Spielberg’s direction and Matheson’s writing really bring the story to life and keep to every little detail. Where do I even start? First, there’s the idea of keeping the adults’ faces obscure until they take over in the third act of the movie keeps the focus on the kids—Elliott, Michael, Gertie, and their friends. (The mother of the three kids is the only adult fully seen until later.) The adults are mainly government agents who know there’s an alien somewhere in the area and constantly spy on the neighborhood to track it down. They want to study it, while the kids simply want to help it. They make for effective villains, though they may not be villains in some people’s eyes. Even one of these adults—not given a name, but is dubbed “Keys” because of his jangling keys attached to his belt—isn’t a bad guy. He’s just very interested in this incredible discovery. Who wouldn’t be?

The movie gets the family life just right. Elliott, Michael, and Gertie are the children of a failed marriage and while Michael has his buddies to fool around with and Gertie is too innocent to worry about not having a father figure around, Elliott has nothing to fall back on, until E.T. comes along and Elliott feels a friendship, as well as a need and responsibility to keep it safe. Also, the way the house is lit at dinnertime, the consistent mess of Elliott’s bedroom, and the relationship between these kids and their mother has a natural feel.

Also, the way these kids talk is absolutely right. When we first see Elliott, he’s constantly yelling for the attention of Michael and his three friends while they’re playing a dungeons-and-dragons game in the kitchen—they talk over one another, sometimes argue, and mock each other, just like how any group of teenage boys would act. The little sister Gertie also constantly says things that any kid of that age would say if she saw an alien (“I don’t like his feet,” “Is he a boy or a girl,” etc.).
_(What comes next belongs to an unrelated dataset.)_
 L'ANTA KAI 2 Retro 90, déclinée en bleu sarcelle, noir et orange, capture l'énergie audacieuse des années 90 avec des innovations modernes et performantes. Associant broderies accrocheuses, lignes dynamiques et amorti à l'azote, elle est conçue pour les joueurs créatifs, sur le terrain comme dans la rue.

The chase scene, in which the adults chase the kids on their bicycles, that leads to the final emotional moment as E.T. must return with his own family is thrilling and it succeeds in fulfilling childhood dreams—haven’t you ever daydreamed about your own bicycle flying? That’s right—E.T. makes the kids fly on their bikes and it’s a wonderfully pleasing moment. It’s one of the most magical moments I’ve ever seen in a movie.
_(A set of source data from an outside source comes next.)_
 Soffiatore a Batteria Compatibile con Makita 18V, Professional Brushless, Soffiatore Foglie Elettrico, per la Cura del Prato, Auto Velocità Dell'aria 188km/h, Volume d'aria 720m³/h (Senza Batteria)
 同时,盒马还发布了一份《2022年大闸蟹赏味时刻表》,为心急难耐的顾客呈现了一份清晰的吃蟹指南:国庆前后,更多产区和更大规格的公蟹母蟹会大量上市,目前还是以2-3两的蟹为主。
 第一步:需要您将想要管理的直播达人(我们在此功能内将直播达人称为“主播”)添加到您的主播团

Oh, and of course in that sequence, there has to be at least one kid who’s scared of heights—“Tell me when it’s over!”

All of the young actors are spot-on. Henry Thomas as Elliott possibly delivers one of the best child performances seen in a movie. He’s perfectly natural, always convincing, has a real energy to himself, and when all is said and done, he’s still a kid. He’ll get greedy, he’ll get whiny, he’ll get touched, he’ll get excited, etc. Robert MacNaughton and Drew Barrymore are good, and the other three young actors playing the friends—K.C. Martel, C. Thomas Howell, and Sean Frye—are appealing.
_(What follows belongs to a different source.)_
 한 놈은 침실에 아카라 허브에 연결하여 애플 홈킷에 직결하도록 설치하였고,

What have I left out? The memorable music score by John Williams, sequences involving Elliott showing E.T. some random things in his bedroom, Elliott’s emotional (and telepathic) connection with E.T., the moment where we fear the worst for poor E.T. and we actually feel something because of that, and the excellent final moment when E.T. bids farewell to his human friends and finally to his best friend Elliott. “E.T. the Extra-Terrestrial” mixes innocence, charm, adventure, joyfulness, and suspense, and the result is what reminded me of why I love movies.